Leveraging Patient Generated Data for Improving Patient Care
AMIA is pleased to announce the 5th Annual Student Design Challenge (SDC). In this challenge, we invite teams of graduate students from different scientific disciplines and of various backgrounds to propose creative solutions to a specified problem related to healthcare. We seek novel solutions that incorporate cutting edge computational and interactive technologies and take advantage of the considerable advances in such research areas as biomedical informatics, human-computer interaction, computer science, information visualization, pervasive and ubiquitous computing, among many others. A panel of distinguished members of the AMIA community will review the proposed solutions and select the best proposals based on a number of criteria, including their originality and transformative potential. Eight teams selected as finalists will be asked to attend AMIA Annual Symposium and present their solutions during the AMIA poster session. The top three teams as selected by the SDC panel will be invited to participate in a formal presentation at AMIA.
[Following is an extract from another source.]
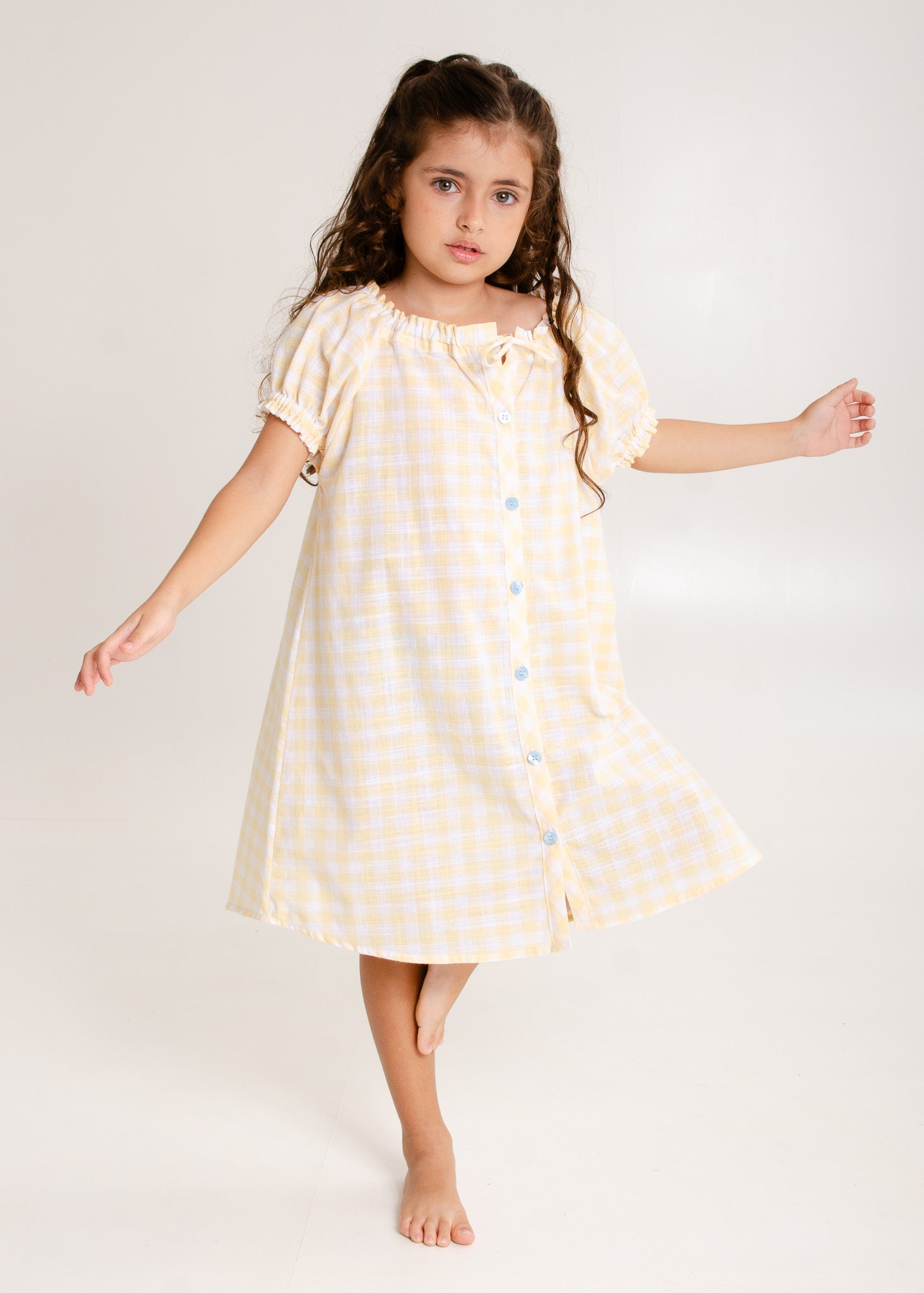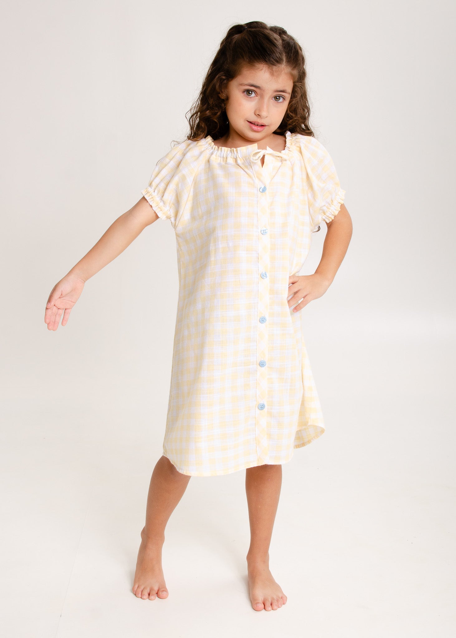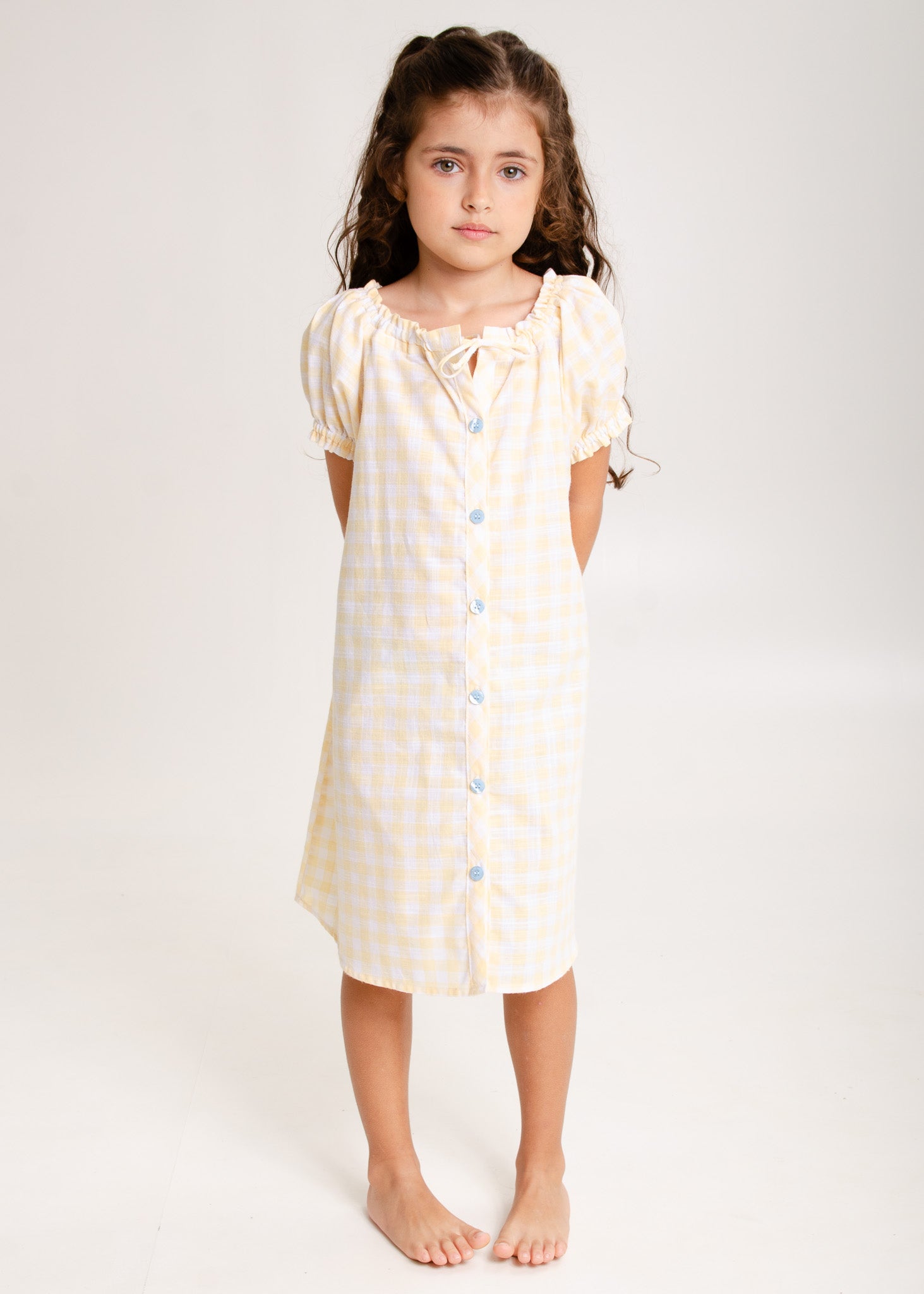 A Coleção Sol foi inspirada na luz dourada dos raios de sol de uma manhã de primavera. É toda em tecido 100% algodão xadrez na cor amarela bem suave, com detalhes azul clarinho.

This year the Student Design Challenge is inviting submissions that focus on leveraging Patient Generated Data for improving patient care. Patient-Generated Data (PGD) has become a focus of increasing attention for both healthcare providers and patients. There is a growing recognition of its potential to provide new insights into individuals’ lives and health outside of the traditional clinical encounters. However, there remain considerable barriers to integrating PGD with Electronic Health Record (EHR) systems, and to using these data to improve patient care. In this challenge, we invite teams of students to envision new ways for integrating PGD with EHR and for using these data to improve clinical decision-making, patient care, and patient-provider communication.
- August 1, 2017 – proposal submission deadline
- September 1, 2017 – notifications to authors
- September 14, 2017 – final accepted revision submission deadline
Please read the entire Challenge description. If you have any questions about this process, please send an email to email@example.com
The growing popularity of technologies for self-monitoring of health and wellness is leading to a rapid increase in the volume of health data recorded outside of clinical encounters. These data, captured with specialized activity trackers, smart-phone applications, and wearable biosensors can reveal important patterns in individuals’ lifestyle and behaviors, as well as provide a more accurate picture of their health (1). Integrating these data into contemporary EHR can help clinicians incorporate these insights into their decision making and lead to more informed treatment choices. The critical importance of PGD is recognized by the Meaningful Use Program; integration of these data into EHR has been included as one of the Meaningful Use requirements (2,3). However, together with this excitement in regards to PGD, there remain considerable barriers to incorporating PGD into EHR and into clinical work. The high volume of PGD can further exacerbate information overload, disrupt clinical workflows, and increase concerns regarding provider liability (4–8). Moreover, multiple concerns have been raised in regards to reliability and trustworthiness of data generated outside of clinical settings and without clinicians’ supervision. Integrating these data with traditional clinical records may present new challenges to informatics solutions, for example due to differences in resolution and sampling rates. As a result, many healthcare providers are reluctant to incorporate PGD, despite its potential to improve patient care (8,9).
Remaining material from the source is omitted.